Stellungnahme der BI Gegenwind zur Gemeinderatsvorlage “Einstellung des Planverfahrens TFN Windenergie“

Die Entscheidung der Unteren Naturschutzbehörde hat Stand gehalten, den intensiven Prüfungen ihrer Fachaufsicht durch das Regierungspräsidiums und durch die nicht gerade als Windindustrie feindlich verrufene Behörde in Stuttgart. Damit wurde nach fast vier Jahren Untersuchung der Landschaftsschutz mit seinen Belangen Landschaftsbild und Erholungseignung deutlich über die Windindustrie gestellt, die in Süddeutschland ohnehin und in unserer Region besonders unsinnig ist.

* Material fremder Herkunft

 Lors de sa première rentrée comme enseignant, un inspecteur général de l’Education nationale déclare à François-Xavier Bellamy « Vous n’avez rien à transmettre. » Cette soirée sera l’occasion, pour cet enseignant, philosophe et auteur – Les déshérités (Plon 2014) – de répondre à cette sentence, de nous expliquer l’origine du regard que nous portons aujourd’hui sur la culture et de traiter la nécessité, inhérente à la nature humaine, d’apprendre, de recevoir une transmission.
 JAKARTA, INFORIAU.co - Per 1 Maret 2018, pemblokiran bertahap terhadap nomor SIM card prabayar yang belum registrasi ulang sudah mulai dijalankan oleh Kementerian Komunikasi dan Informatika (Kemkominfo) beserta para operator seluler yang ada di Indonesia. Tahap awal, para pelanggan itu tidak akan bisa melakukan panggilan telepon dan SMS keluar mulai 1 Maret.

Die Natur wird also nicht fehlgeleiteten Interessen preisgegeben. Es weht schlicht zu wenig Wind hier, um die zu erbringenden Opfer zu rechtfertigen.

Die Entscheidung gilt für das untersuchte Gebiet am Geiersberg/Goldkopf, aber im Prinzip eben auch für das gesamte Landschaftsschutzgebiet, das sich von der nördlichen Kreisgrenze entlang den ersten Odenwaldhängen bis hinunter nach Dossenheim erstreckt. Und sie hat starke Signalwirkung für alle weiteren, sicher noch zu untersuchenden Flächen im LSG. Sofern die Voraussetzungen dort dann nicht grundlegend anders sind, sollte diese Entscheidungsrichtung eigentlich auch gut zu verteidigen sein.

Ist diese Entscheidung die beste für uns in Weinheim und für die Bergstraße? Wird so unser Wald nicht zum Windindustriegebiet umgewandelt? Es wird sich zeigen müssen.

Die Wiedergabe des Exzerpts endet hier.